For instance, there might be a strong positive correlation between the number of ice cream cones sold and the number of drowning incidents at beaches. This doesn't mean that eating ice cream causes drowning. A third factor, like hot weather, is likely influencing both variables – hot weather increases ice cream sales and also increases swimming activity, leading to more potential for drowning incidents. This is an example of a spurious correlation (a correlation that appears to exist between two variables but is not a direct causal relationship).
Establishing causation requires more than just observing a correlation; it typically involves controlled experiments, careful study design, and consideration of other potential factors (confounding variables). Descriptive statistics and correlation coefficients are valuable tools for identifying potential relationships that warrant further investigation, but they cannot definitively prove cause and effect.
Example 1. Calculate Pearson's correlation coefficient ($r$) for the following data on the number of hours studied per week (X) and the marks obtained in an exam (Y) for 5 students:
Hours Studied (X) | 2 | 3 | 4 | 5 | 6 |
Marks (Y) | 50 | 60 | 70 | 80 | 90 |
Answer:
We are given $n=5$ pairs of observations for variables X (Hours Studied) and Y (Marks).
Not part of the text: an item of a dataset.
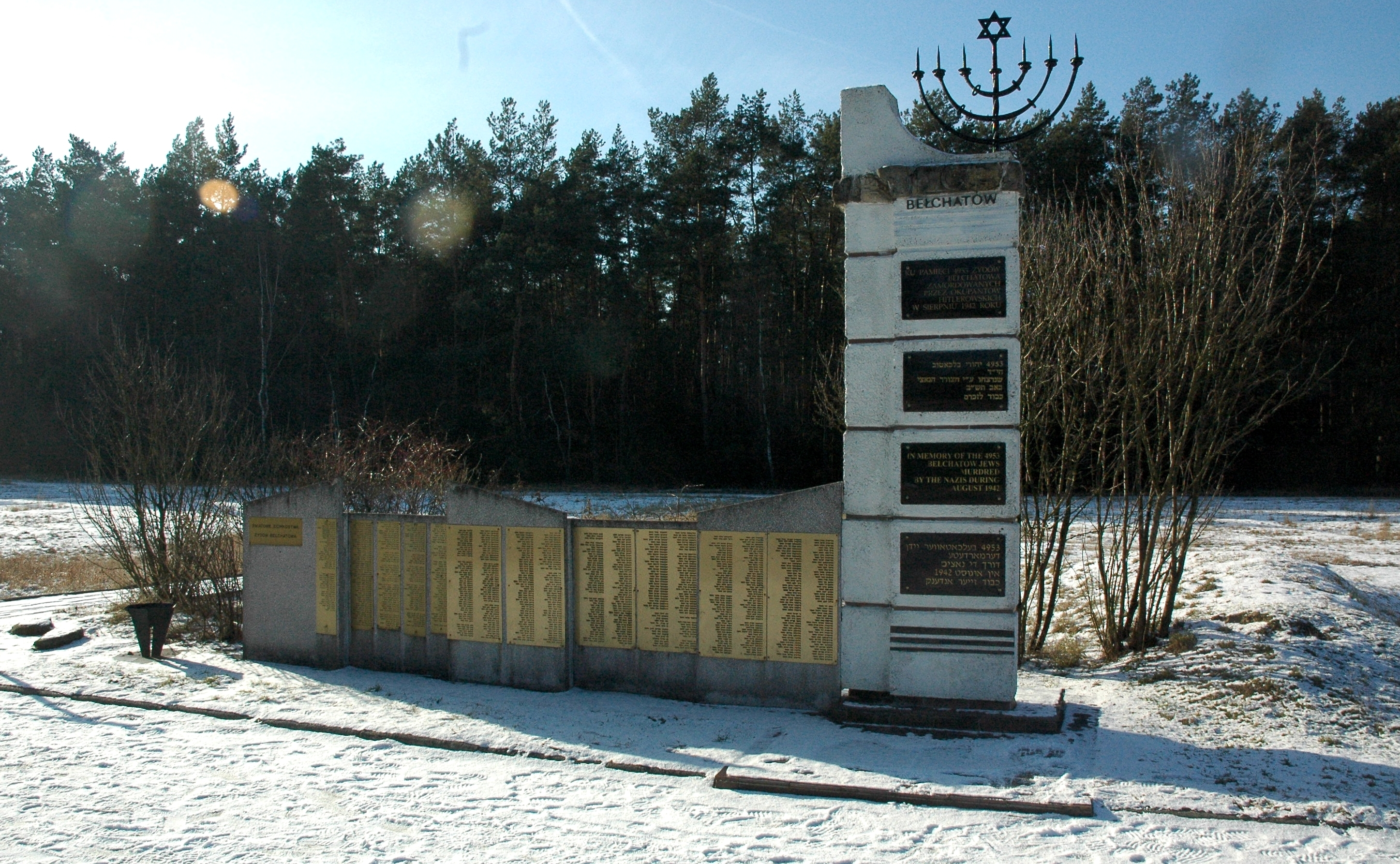 Monument commemorating Jews from Bełchatów, murdered in Kulmhof.

We will use the computational formula for Pearson's $r$:
$\text{r} = \frac{n \sum xy - (\sum x)(\sum y)}{\sqrt{[n \sum x^2 - (\sum x)^2][n \sum y^2 - (\sum y)^2]}}$
[Computational Formula for Pearson's r]
To use this formula, we need to calculate $\sum x$, $\sum y$, $\sum xy$, $\sum x^2$, and $\sum y^2$. Let's create a table to organize these calculations.
$x_i$ | $y_i$ | $x_i y_i$ | $x_i^2$ | $y_i^2$ |
---|---|---|---|---|
2 | 50 | 100 | 4 | 2500 |
3 | 60 | 180 | 9 | 3600 |
4 | 70 | 280 | 16 | 4900 |
5 | 80 | 400 | 25 | 6400 |
6 | 90 | 540 | 36 | 8100 |
$\sum x = 20$ | $\sum y = 350$ | $\sum xy = 1500$ | $\sum x^2 = 90$ | $\sum y^2 = 25500$ |
Now, substitute these sums and $n=5$ into the computational formula:
$\text{r} = \frac{5(1500) - (20)(350)}{\sqrt{[5(90) - (20)^2][5(25500) - (350)^2]}}$
Calculate the terms:
Numerator: $5 \times 1500 - 20 \times 350 = 7500 - 7000 = 500$
First term in denominator square root: $5 \times 90 - (20)^2 = 450 - 400 = 50$
Second term in denominator square root: $5 \times 25500 - (350)^2 = 127500 - 122500 = 5000$
Substitute these back into the formula:
$\text{r} = \frac{500}{\sqrt{(50)(5000)}}$
$\text{r} = \frac{500}{\sqrt{250000}}$
Calculate the square root:
$\sqrt{250000} = \sqrt{25 \times 10000} = \sqrt{25} \times \sqrt{10000} = 5 \times 100 = 500$
Substitute back into the formula for r:
$\text{r} = \frac{500}{500}$
$\text{r} = 1$
[Pearson's Correlation Coefficient]
The calculated Pearson's correlation coefficient is $r = 1$. This indicates a perfect positive linear correlation between the number of hours studied and the marks obtained for this specific (and perhaps ideal) dataset. As hours studied increase, marks obtained increase perfectly linearly.